Give back the exact lines of the material below from the one containing "Kopi Mandheling dari" through the one containing "5.购买时,选择一网通支付,给我减去了2", and no pictures.

Start of DATA EXTRACT

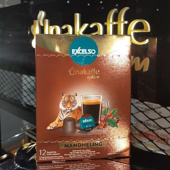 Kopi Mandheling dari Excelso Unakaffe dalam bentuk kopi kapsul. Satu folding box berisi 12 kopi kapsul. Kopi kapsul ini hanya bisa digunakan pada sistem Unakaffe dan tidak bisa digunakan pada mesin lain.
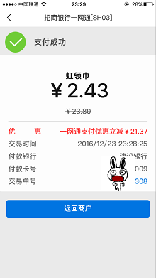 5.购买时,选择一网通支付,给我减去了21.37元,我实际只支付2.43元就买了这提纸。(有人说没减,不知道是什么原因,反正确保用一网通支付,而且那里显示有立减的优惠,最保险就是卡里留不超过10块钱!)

End of DATA EXTRACT
Start of DATA EXTRACT

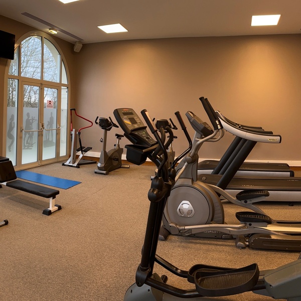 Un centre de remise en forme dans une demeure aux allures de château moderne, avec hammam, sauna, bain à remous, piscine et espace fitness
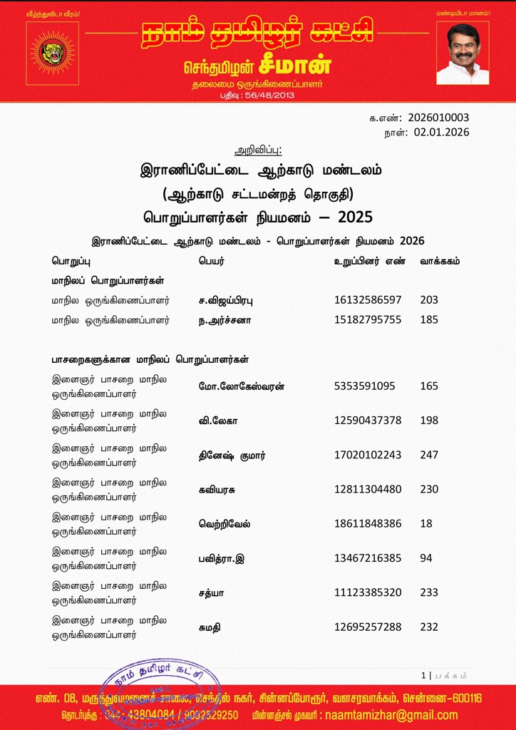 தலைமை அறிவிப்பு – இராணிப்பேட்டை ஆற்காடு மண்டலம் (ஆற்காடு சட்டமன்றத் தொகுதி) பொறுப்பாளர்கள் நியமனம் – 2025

End of DATA EXTRACT

_OUTPUT OF THE TASK_
 Kopi Mandheling dari Excelso Unakaffe dalam bentuk kopi kapsul. Satu folding box berisi 12 kopi kapsul. Kopi kapsul ini hanya bisa digunakan pada sistem Unakaffe dan tidak bisa digunakan pada mesin lain.
 5.购买时,选择一网通支付,给我减去了21.37元,我实际只支付2.43元就买了这提纸。(有人说没减,不知道是什么原因,反正确保用一网通支付,而且那里显示有立减的优惠,最保险就是卡里留不超过10块钱!)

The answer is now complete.